_What you are asked to do_
Your answer must be the lines from the one containing "2011년부터 2015년까지의 통계에" through the last line below, copied exactly, with no pictures.

_Entries supplied_
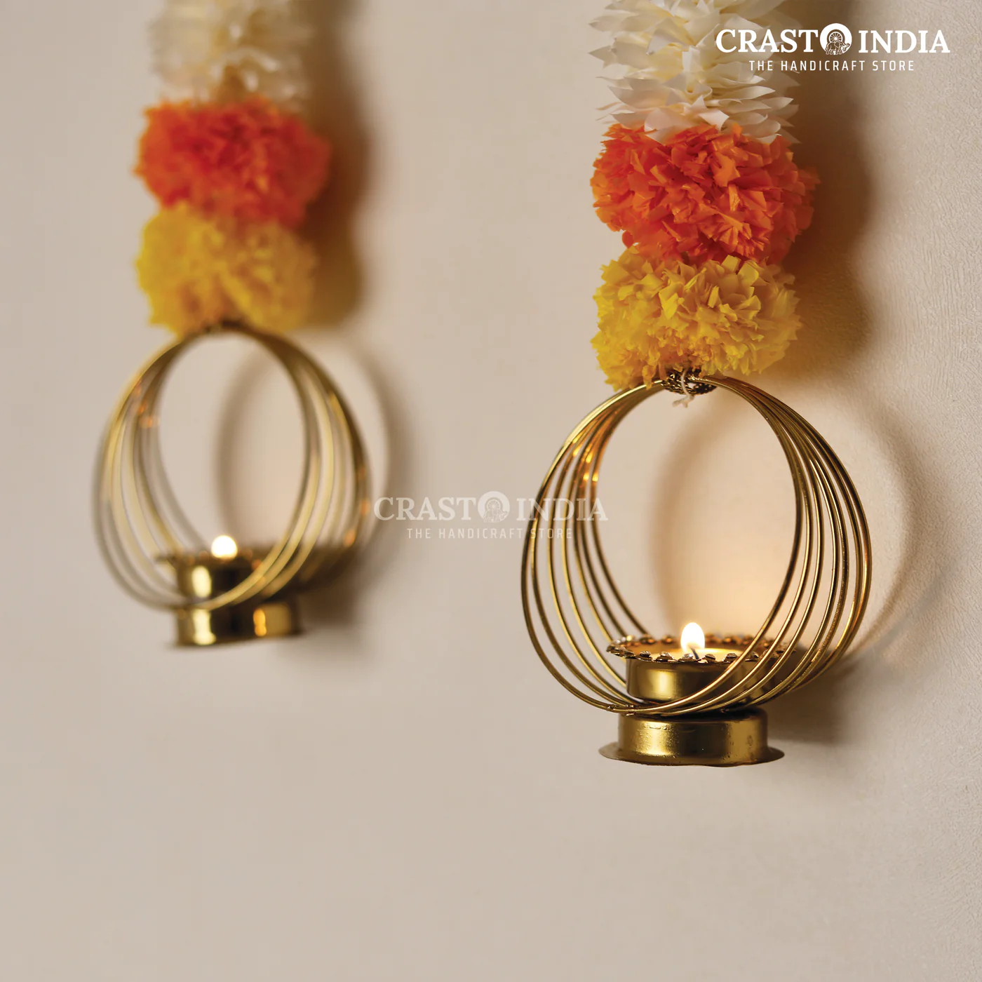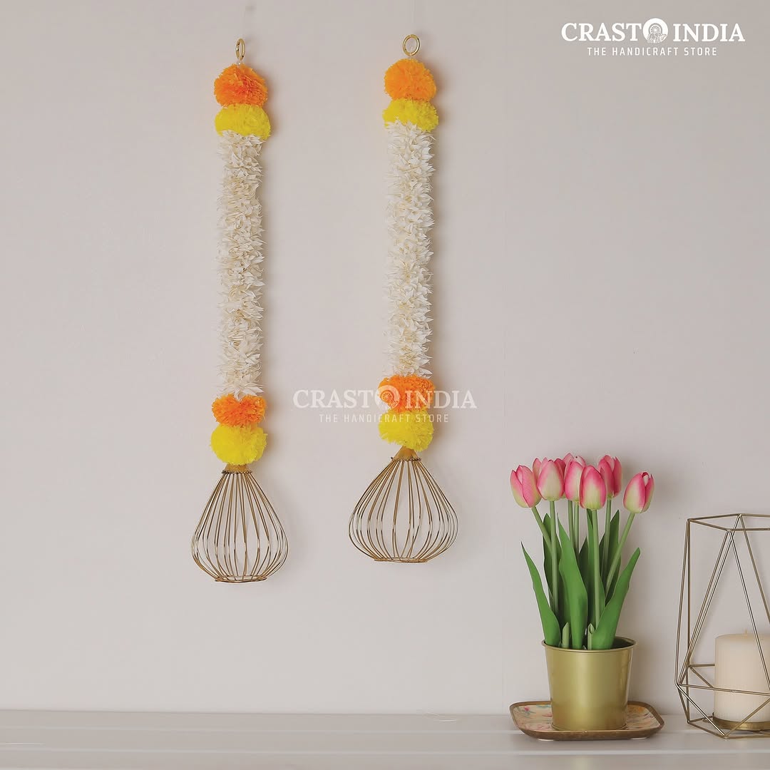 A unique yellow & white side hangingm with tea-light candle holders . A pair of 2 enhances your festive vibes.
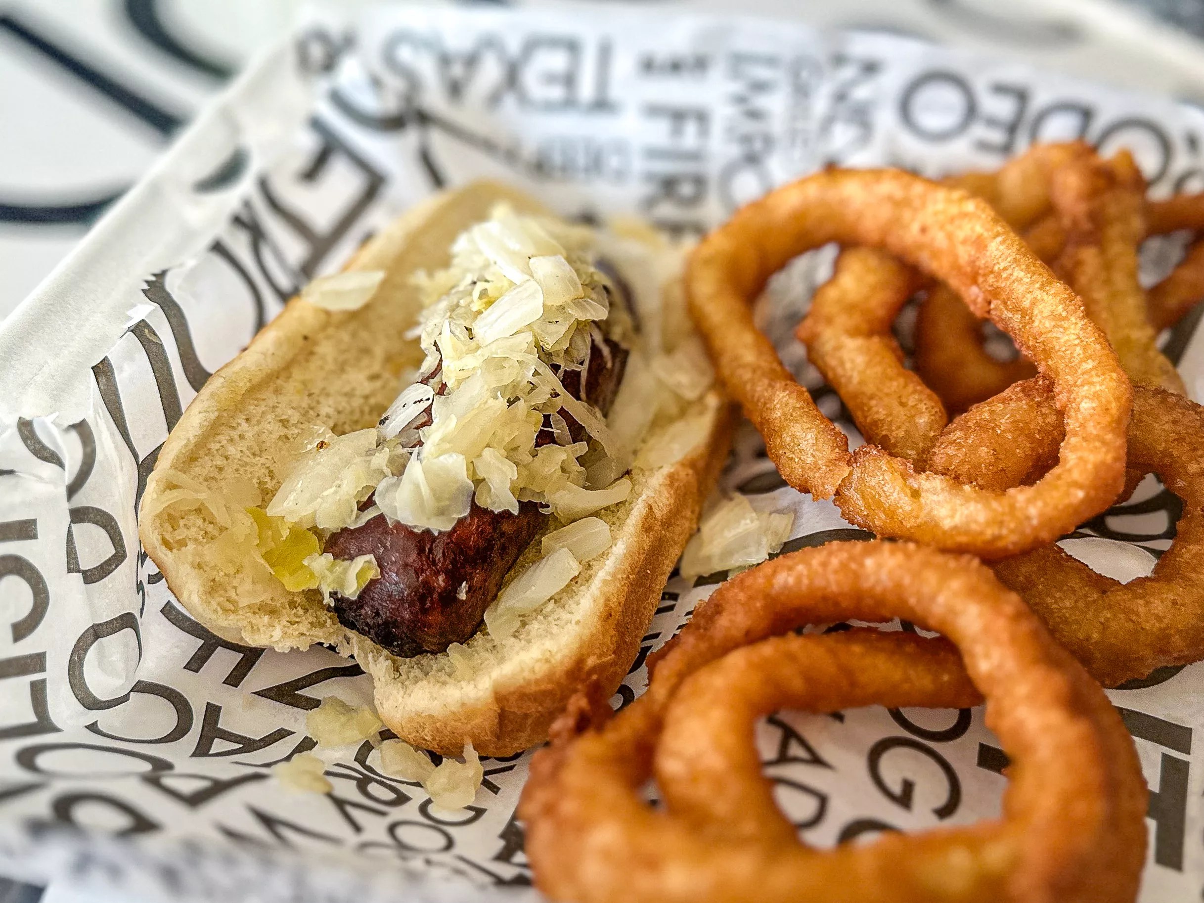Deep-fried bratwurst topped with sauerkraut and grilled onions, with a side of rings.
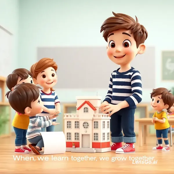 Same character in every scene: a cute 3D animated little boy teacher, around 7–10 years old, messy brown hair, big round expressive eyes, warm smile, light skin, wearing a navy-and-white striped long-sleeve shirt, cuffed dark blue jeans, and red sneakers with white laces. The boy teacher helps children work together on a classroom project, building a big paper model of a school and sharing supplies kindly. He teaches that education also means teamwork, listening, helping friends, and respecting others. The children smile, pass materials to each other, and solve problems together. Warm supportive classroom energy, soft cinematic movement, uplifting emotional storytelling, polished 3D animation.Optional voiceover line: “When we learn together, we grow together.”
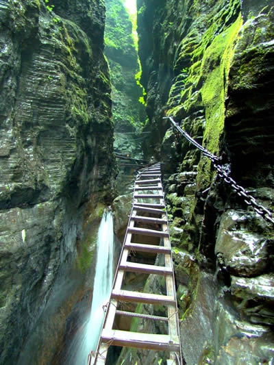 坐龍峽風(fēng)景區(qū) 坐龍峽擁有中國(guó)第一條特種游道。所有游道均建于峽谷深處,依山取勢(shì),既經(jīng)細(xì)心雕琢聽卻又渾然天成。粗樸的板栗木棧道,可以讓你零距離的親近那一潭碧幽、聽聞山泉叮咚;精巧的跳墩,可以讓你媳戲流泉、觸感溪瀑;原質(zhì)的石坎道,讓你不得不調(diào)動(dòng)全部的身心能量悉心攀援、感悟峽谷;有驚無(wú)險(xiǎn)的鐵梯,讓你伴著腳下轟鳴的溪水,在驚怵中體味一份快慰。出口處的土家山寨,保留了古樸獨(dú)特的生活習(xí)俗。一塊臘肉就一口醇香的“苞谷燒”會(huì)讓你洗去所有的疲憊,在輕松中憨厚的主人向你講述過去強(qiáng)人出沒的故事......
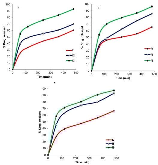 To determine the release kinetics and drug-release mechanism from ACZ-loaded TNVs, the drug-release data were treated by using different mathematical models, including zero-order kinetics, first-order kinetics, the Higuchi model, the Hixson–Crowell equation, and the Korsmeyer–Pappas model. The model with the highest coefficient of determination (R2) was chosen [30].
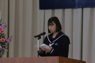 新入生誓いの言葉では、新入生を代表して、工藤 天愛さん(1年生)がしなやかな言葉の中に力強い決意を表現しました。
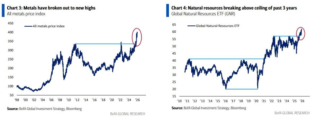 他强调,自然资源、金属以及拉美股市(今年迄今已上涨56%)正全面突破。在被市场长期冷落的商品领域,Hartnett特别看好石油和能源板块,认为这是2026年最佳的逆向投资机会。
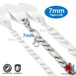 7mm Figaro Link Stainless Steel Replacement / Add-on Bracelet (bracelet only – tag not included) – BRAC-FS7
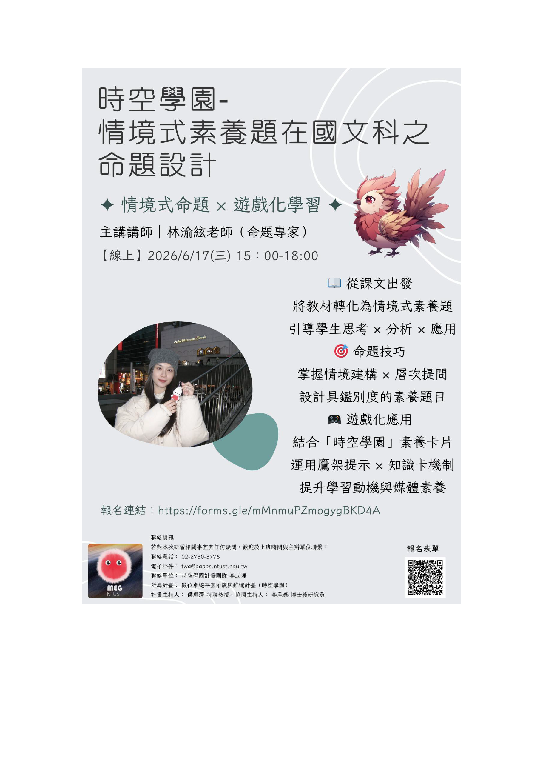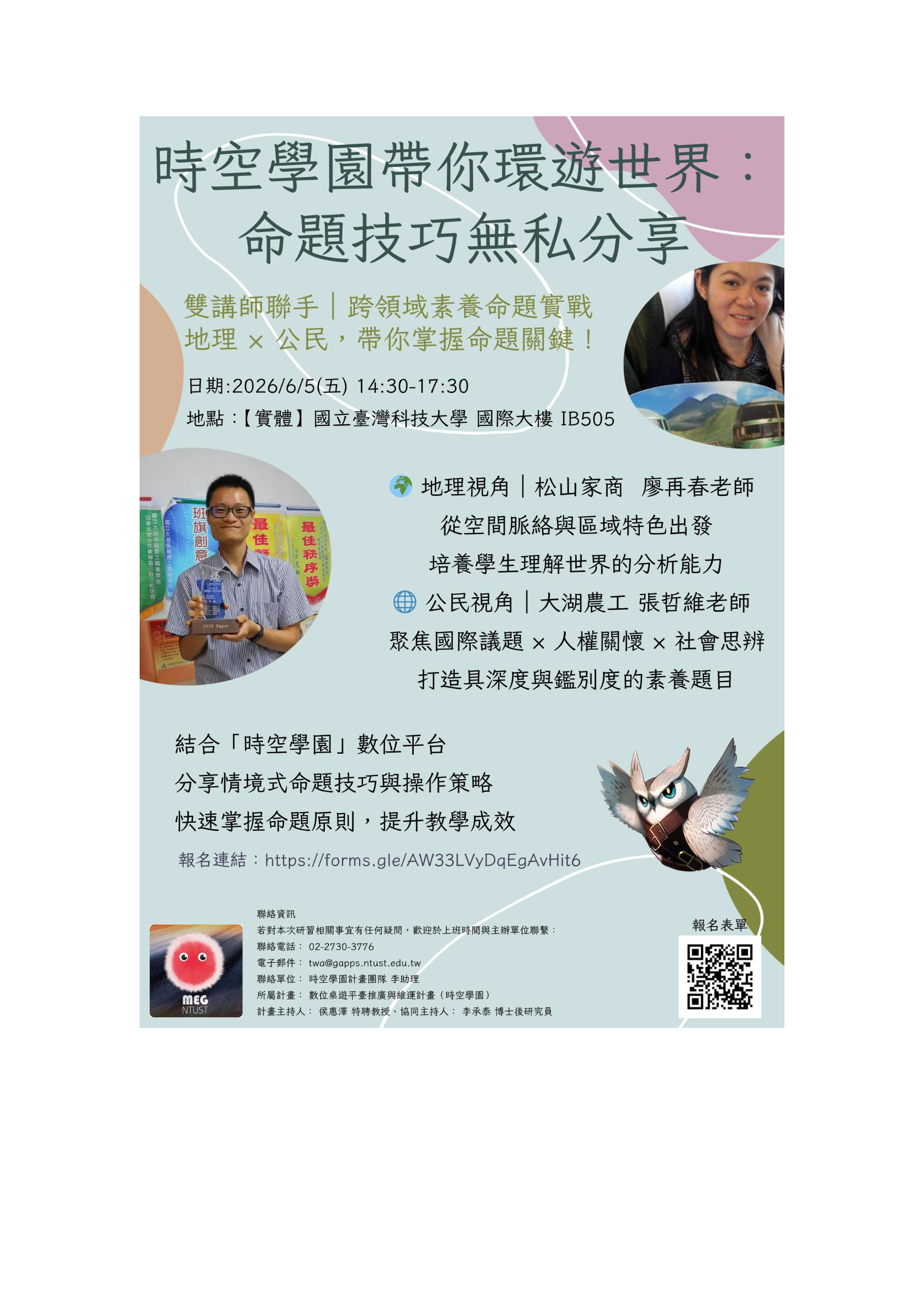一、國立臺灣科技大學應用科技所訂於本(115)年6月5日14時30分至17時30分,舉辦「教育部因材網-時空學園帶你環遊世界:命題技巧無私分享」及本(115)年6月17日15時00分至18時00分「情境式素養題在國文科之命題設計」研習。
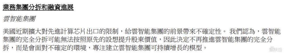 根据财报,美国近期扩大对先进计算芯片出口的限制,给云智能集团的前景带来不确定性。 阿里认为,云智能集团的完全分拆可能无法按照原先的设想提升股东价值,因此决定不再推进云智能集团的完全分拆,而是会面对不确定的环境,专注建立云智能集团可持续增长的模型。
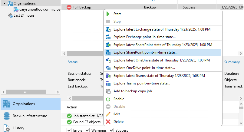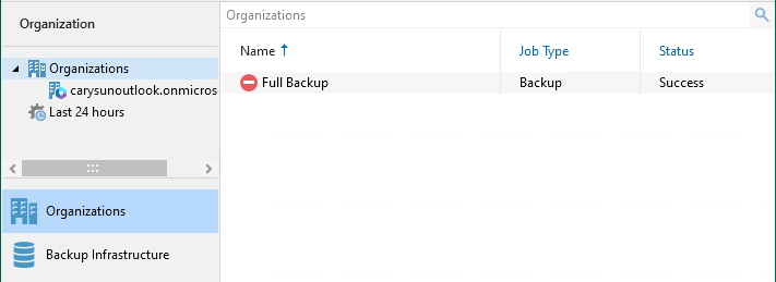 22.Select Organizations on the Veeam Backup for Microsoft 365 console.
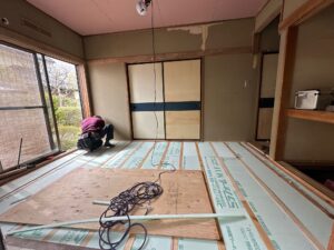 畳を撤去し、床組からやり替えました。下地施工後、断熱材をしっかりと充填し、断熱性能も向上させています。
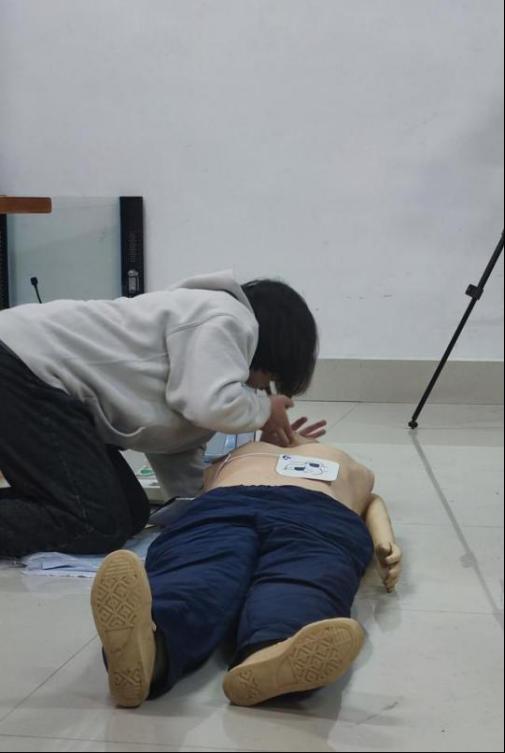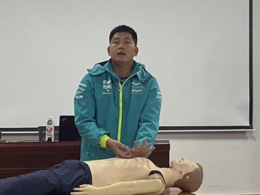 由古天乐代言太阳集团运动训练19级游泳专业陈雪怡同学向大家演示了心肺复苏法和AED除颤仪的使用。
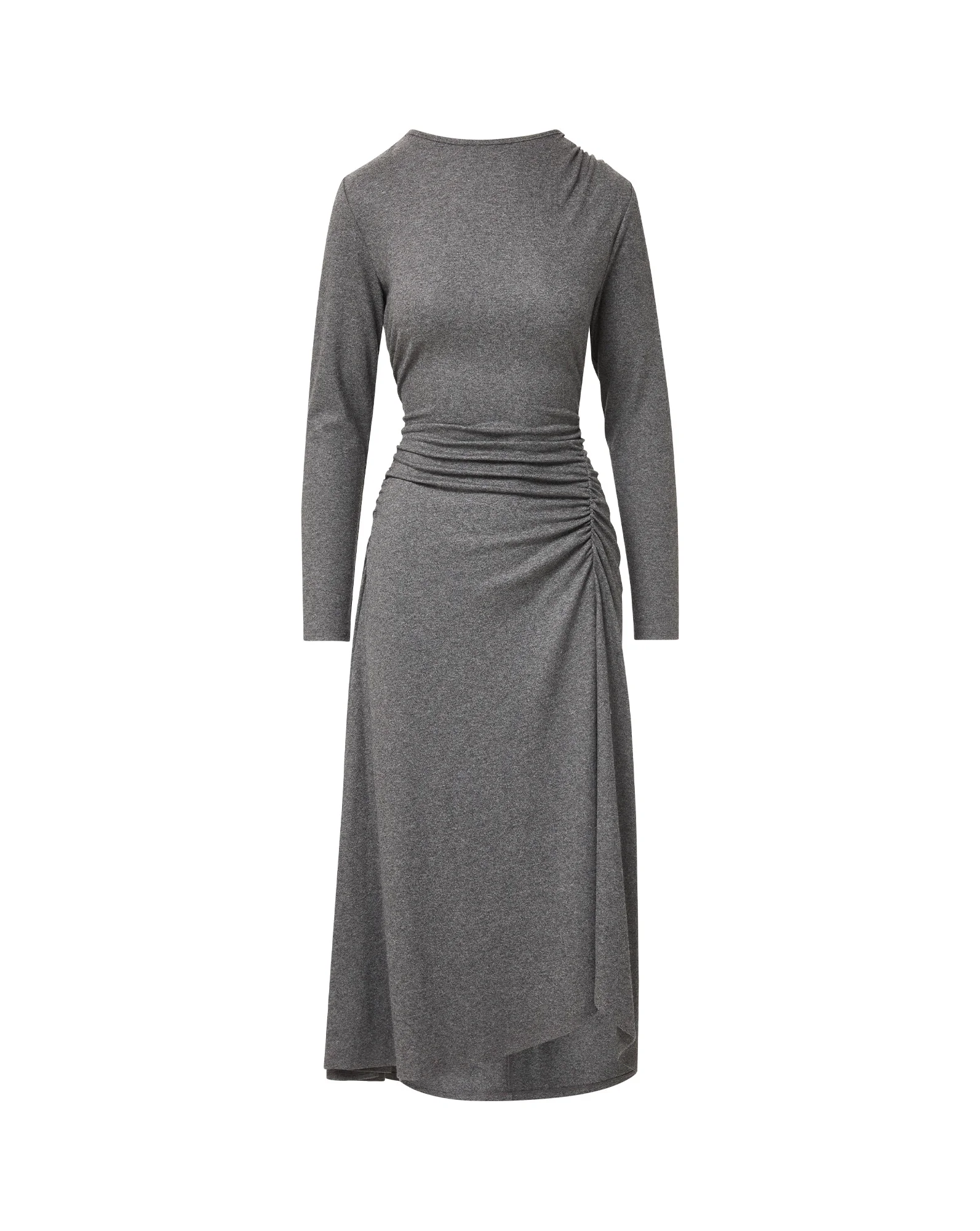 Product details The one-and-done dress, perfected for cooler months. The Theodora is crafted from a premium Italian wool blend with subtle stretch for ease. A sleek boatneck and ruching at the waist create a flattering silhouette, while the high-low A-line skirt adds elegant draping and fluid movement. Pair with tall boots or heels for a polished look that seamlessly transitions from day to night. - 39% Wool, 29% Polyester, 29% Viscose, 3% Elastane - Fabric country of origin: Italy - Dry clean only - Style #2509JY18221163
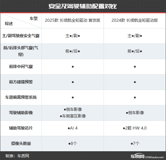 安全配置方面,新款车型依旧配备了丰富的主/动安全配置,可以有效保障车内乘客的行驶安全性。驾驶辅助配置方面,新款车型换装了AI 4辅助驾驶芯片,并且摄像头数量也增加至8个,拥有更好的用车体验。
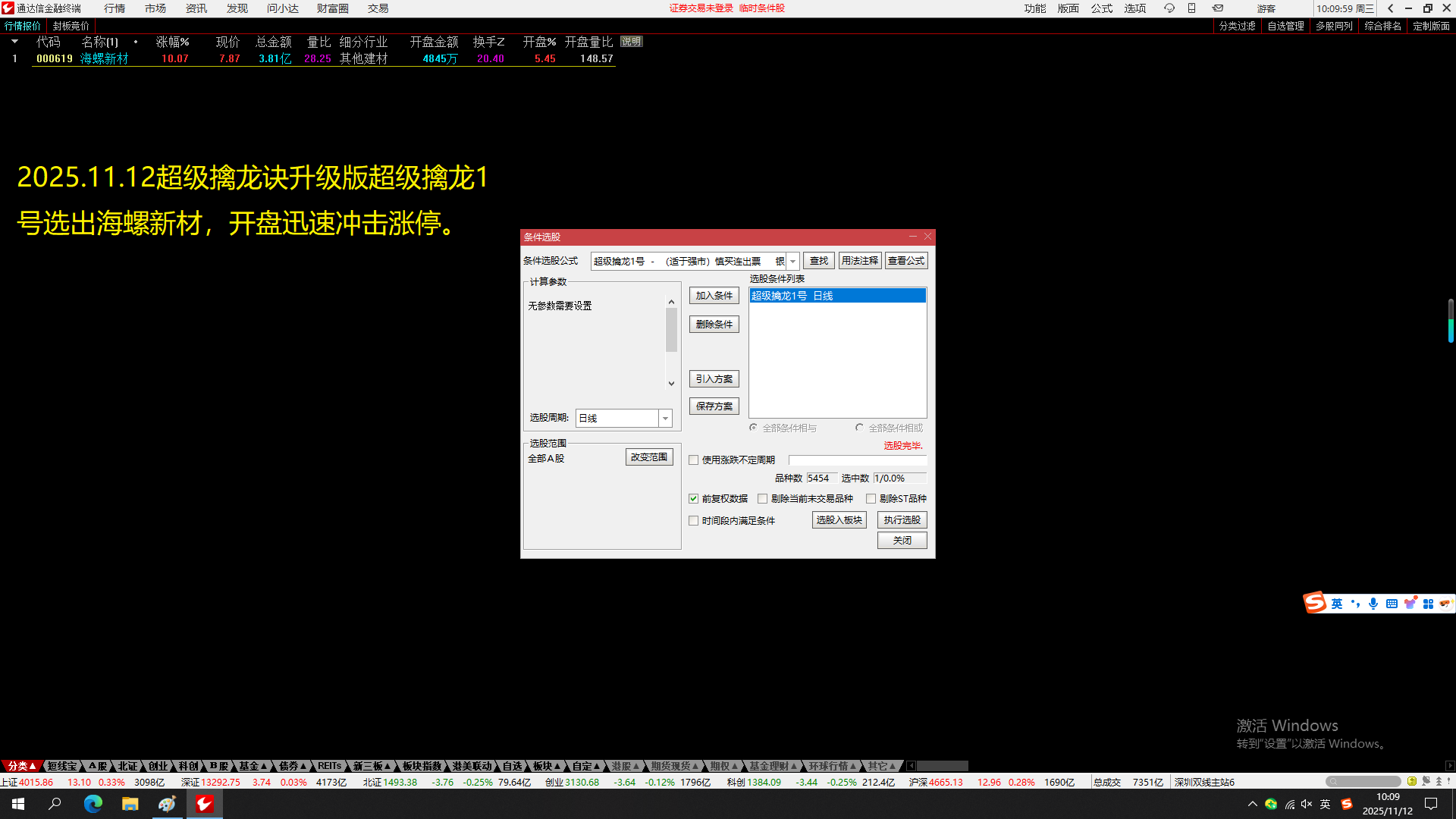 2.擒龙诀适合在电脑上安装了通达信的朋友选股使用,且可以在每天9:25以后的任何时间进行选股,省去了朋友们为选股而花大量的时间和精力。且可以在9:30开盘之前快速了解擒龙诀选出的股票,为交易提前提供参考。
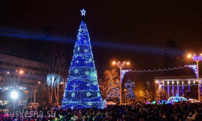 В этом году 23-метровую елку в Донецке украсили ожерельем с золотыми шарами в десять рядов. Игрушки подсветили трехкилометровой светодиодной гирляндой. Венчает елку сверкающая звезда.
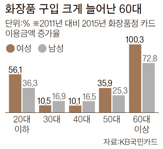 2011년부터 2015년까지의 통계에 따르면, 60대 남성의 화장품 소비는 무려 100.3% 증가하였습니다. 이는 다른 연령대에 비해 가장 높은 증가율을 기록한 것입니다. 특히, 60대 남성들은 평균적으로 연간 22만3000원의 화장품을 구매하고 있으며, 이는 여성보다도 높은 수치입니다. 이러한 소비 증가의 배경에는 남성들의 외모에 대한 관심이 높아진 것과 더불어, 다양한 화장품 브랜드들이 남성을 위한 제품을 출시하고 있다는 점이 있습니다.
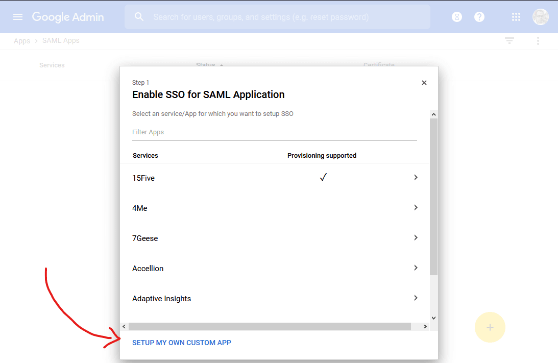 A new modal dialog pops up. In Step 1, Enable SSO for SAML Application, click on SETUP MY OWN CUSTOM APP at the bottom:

_Answer to the problem_
 2011년부터 2015년까지의 통계에 따르면, 60대 남성의 화장품 소비는 무려 100.3% 증가하였습니다. 이는 다른 연령대에 비해 가장 높은 증가율을 기록한 것입니다. 특히, 60대 남성들은 평균적으로 연간 22만3000원의 화장품을 구매하고 있으며, 이는 여성보다도 높은 수치입니다. 이러한 소비 증가의 배경에는 남성들의 외모에 대한 관심이 높아진 것과 더불어, 다양한 화장품 브랜드들이 남성을 위한 제품을 출시하고 있다는 점이 있습니다.
 A new modal dialog pops up. In Step 1, Enable SSO for SAML Application, click on SETUP MY OWN CUSTOM APP at the bottom:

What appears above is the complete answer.